Es Él, igual que siempre, igual de lindo, volviendo de ensayar con sus cosas, golpeándoles la ventanilla desde afuera del vagón. Martín intenta levantar el vidrio, llega a saludarlo y el subte arranca.
No, no, no, no, ¡no! Te golpeás la cabeza contra las paredes pegajosas del C; no estabas lista para eso, ¡estás vestida de domingo! Te volteás hacia una vegana de 18 años que estaba sentada al lado de ustedes desde la estación Derqui y le preguntás:

– Decime, ¿estoy muy fea? ¿Está separado mi flequillo? ¿Me veo muy mal a través del vidrio?

La pobre piba no entendía nada, para empezar no entendía ni por qué le estabas hablando. Con mirada suplicante le decís:

- Ese que acaba de pasar por ahí es el amor de mi vida, quiero saber si estoy bien.

Y la vegana ahí supo, de mujer a mujer, que sólo podía darte una respuesta.

¿Cuáles eran las probabilidades de encontrártelo en la estación Retiro un domingo a la noche en una ciudad de tres millones de habitantes? Cosas como esta te hacen creer seriamente que estás viviendo una película, estas cosas no pasan en la vida real, estas cosas pasan en el cine, en los libros, y ahí la magia de la cadena causal se convierte en señal. En la vida real no existen las metáforas.
Te cuesta creer que esto no haya estado armado, por alguien, que poco importe que hicieran falta un viaje a Derqui, la pérdida de objetos personales, de trenes, yesos, combinaciones con subtes y hamburguesas de zanahoria para que se encuentren. Y que se encuentren.

Esa noche se mandaron mensajes hasta que te quedaste dormida, y por un rato fue como antes, por un rato volvió a ser tu profesor ciruela, y vos su joven Padawan.

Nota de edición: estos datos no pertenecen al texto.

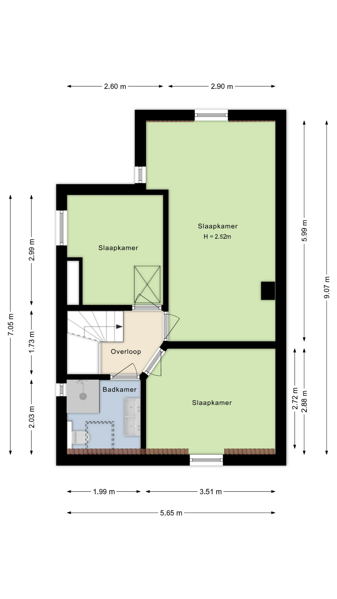 • Derde slaapkamer van ca. 2,99 x 2,60 meter
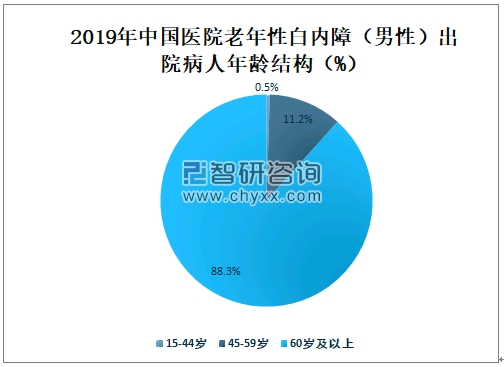 2019年中国医院60岁及以上老年性白内障(男性)出院病人占全国老年性白内障(男性)总出院病人的88.3%,占比最大;45-59岁老年性白内障(男性)出院病人占全国老年性白内障(男性)总出院病人的11.2%;15-44岁老年性白内障(男性)出院病人占全国老年性白内障(男性)总出院病人的0.5%。
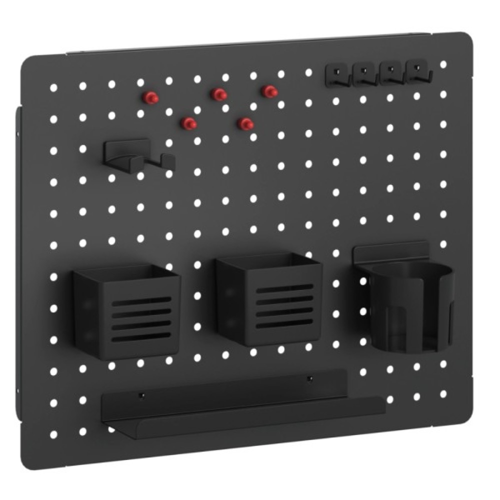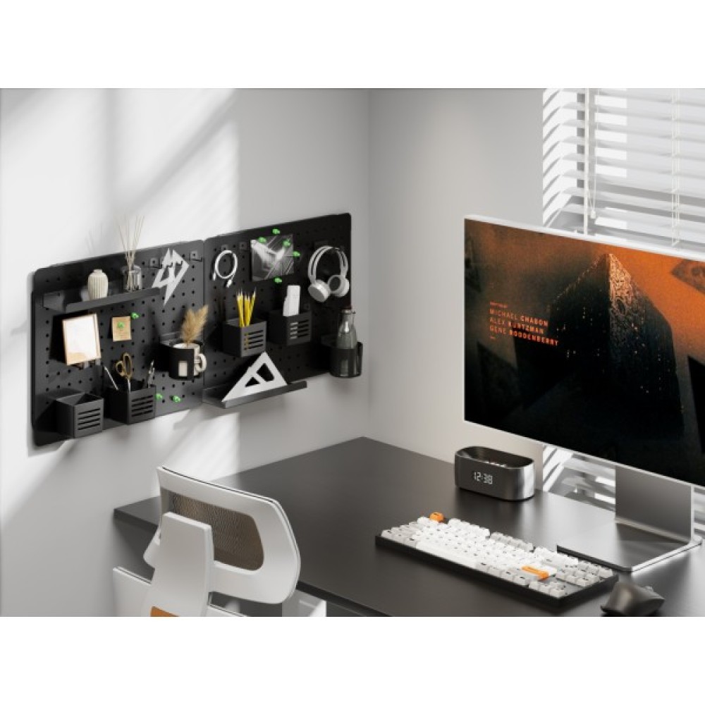 Настінна дошка-органайзер OfficePro – це функціональне, універсальне та стильне рішення для зберігання з набором різних тримачів для організації офісного або геймерського робочого простору. Від канцелярського приладдя та декору до цифрової периферії та книжок – цей органайзер у сучасному стилі ідеально підходить для зберігання та демонстрації речей.
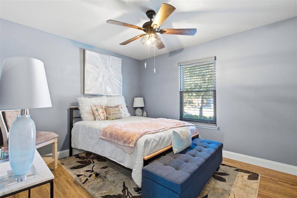The kitchen is thoughtfully updated with a modern backsplash, upgraded cabinet hardware throughout, upgraded induction and convection range, brand new microwave installed Dec. 2025, new dishwasher, and an upgraded farmhouse sink with designer faucet. A custom beverage bar with added storage enhances both functionality and entertaining space. Interior highlights include upgraded lighting throughout, new ceiling fans, newer designer paint, luxury vinyl plank flooring in the front bedrooms and primary suite, widened front 2 bedroom closets with custom sliding barn wood doors, and a beautifully custom designed primary closet.
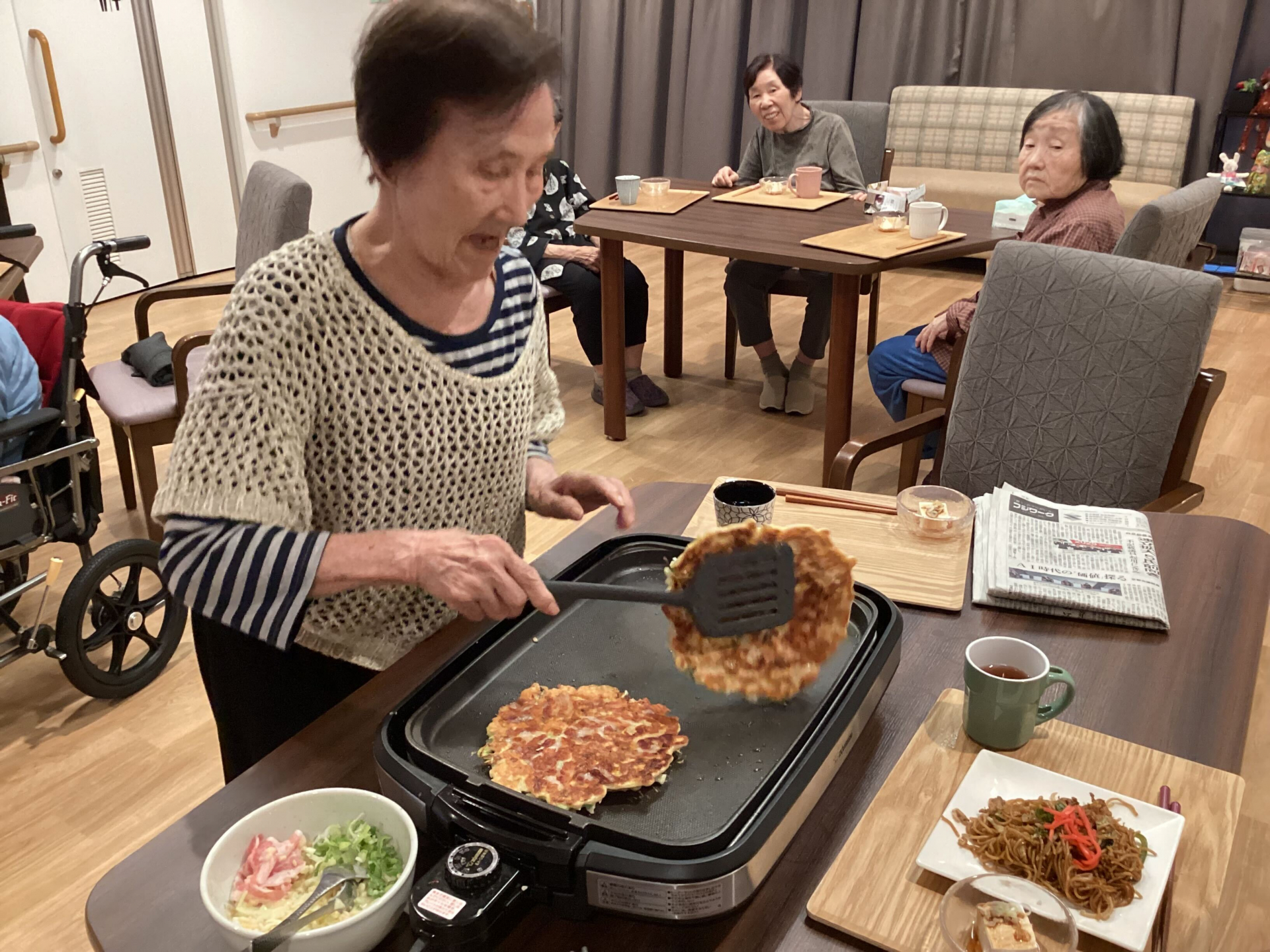 2025.09.24 活動報告 週1回の手作りでのお好み焼きと焼きそば😋😋 Tweet シェアする みんなの分も作ってくれたAさんありがとうございました😍 お好み焼きも焼きそば美味し😍😋 また、作りましょうね😍 毎週水曜日は手作りでみんな楽しみですね。 1E イ 前の記事 2025.09.27 活動報告 🎊秋祭り🎊 次の記事 2025.09.24 活動報告 今日はテラスでおやつ【フルチェー】 一覧へ戻る
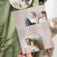 Um elegante e único design de cartão com fotos de feriado com duas fotos horizontais ou paisagísticas alinhadas nos cantos, com "JOY" gravado em letras brancas estreladas. Personalize com seu nome de família e o ano no centro.

Si fuera una película esto significaría que van a terminar juntos, o que va a llegar corriendo a decirte que te ama en medio de una cancha de béisbol, pero es la vida real, el lugar donde las cosas sí pasan porque sí, y acá probablemente solo significa que un profesor de música que vive a 20 kilómetros del Obelisco, en quien no podés dejar de pensar, y una chica que nunca había pisado la estación Retiro se encontraron un domingo a la noche en un vagón del subte C.